Eli Lilly (NYSE:LLY) and partner Boehringer Ingelheim of Germany released results from two mid-stage studies of their new short-acting insulin, known as LY2605541. In separate studies comparing it to Lantus, it was slightly better at reducing blood sugar levels in Type 1 diabetics and about the same in Type 2 diabetics. In the eight-week Type 1 study, patients getting LY2605541 lost about 2.5 pounds on average while those on Lantus gained 1.5 pounds. Weight changes were similar, but smaller, in the Type 2 study. Eli Lilly shares are trading at $44 with a 4.42% dividend yield.

The U.S. Food and Drug Administration have approved Vascepa fish-oil heart pill for patients with high triglycerides brought to market by Amarin (NASDAQ:AMRN). Elevated triglycerides can be caused by obesity and a number of other disease processes. Amarin's newly approved drug Vascepa is made from ultra-purified ethyl EPA, an omega-3 fatty acid commonly found in fish. Amarin is planning on a Vascepa commercial launch in the first quarter of 2013. Vascepa will compete against a similar prescription-grade fish oil pill marketed by GlaxoSmithKline (NYSE:GSK) known as Lovaza, which generates about $1 billion in annual sales. Amaring shares have moved from $8 to $13 in recent months.
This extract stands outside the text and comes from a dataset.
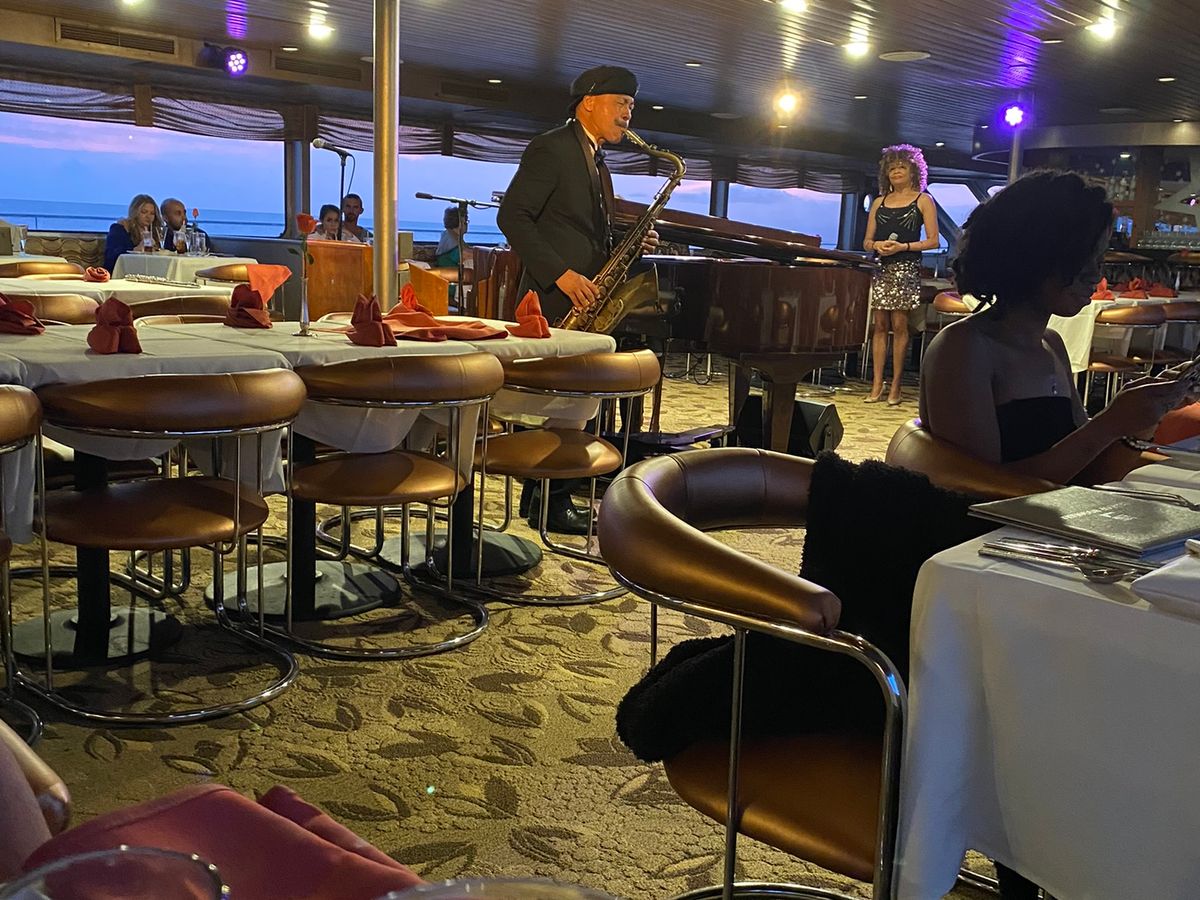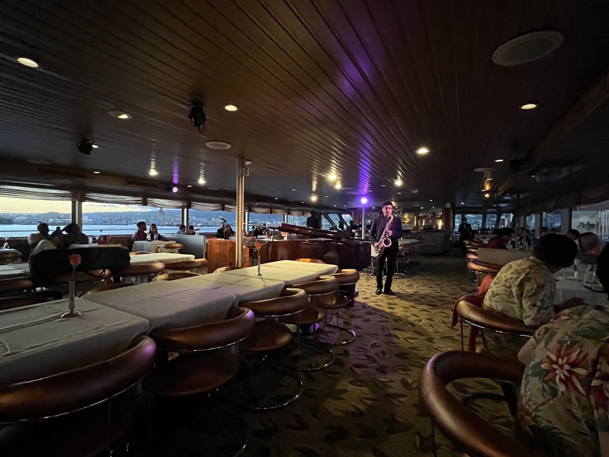 終始ピアノやサックスのジャズの生演奏があり、特別で素敵な時間でした。途中で再度デッキに出てサンセットを眺めたり、写真を撮ったりもできます。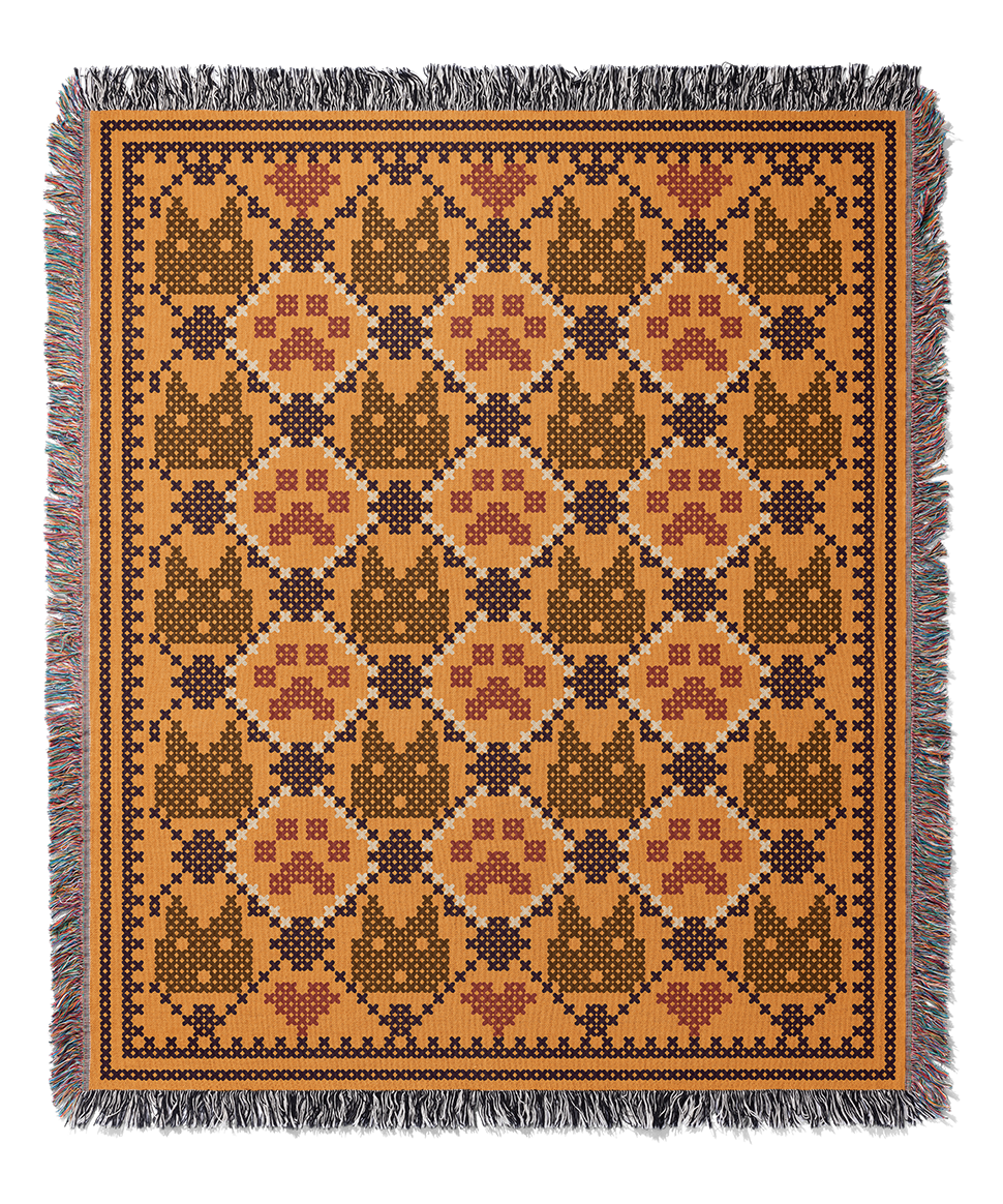 This charming throw blanket features an adorable repeating pattern of cat heads and paws, designed to delight feline enthusiasts and add a touch of whimsy to any room. The geometric repetition creates a fascinating rhythm, reminiscent of traditional cross-stitch patterns, while the pixelated style gives it a contemporary edge.

Sanofi and Regeneron Pharmaceuticals Inc. (NASDAQ:REGN) recently announced that they are enrolling patients in more than 10 late-stage clinical trials, named Odyssey, for a potentially first-in-class cholesterol-lowering drug. Odyssey will involve more than 22,000 patients, including 18,000 in a trial measuring cardiovascular outcomes such as heart attacks and strokes. Sanofi trades at $40.37 with a 4.17% dividend yield. Regeneron trades at $135 and has an equity summary score of 7.2 out of 10 for a Bullish outlook.


Both JNJ and LLY are listed as bullish with high dividend yields. NVO and SNY are listed as having neutral outlooks. The smaller biotechs (ARNA, VVUS, OREC, and AMRN) are buys on a pullback as long-term trades.

Disclosure: I have no positions in any stocks mentioned, and no plans to initiate any positions within the next 72 hours.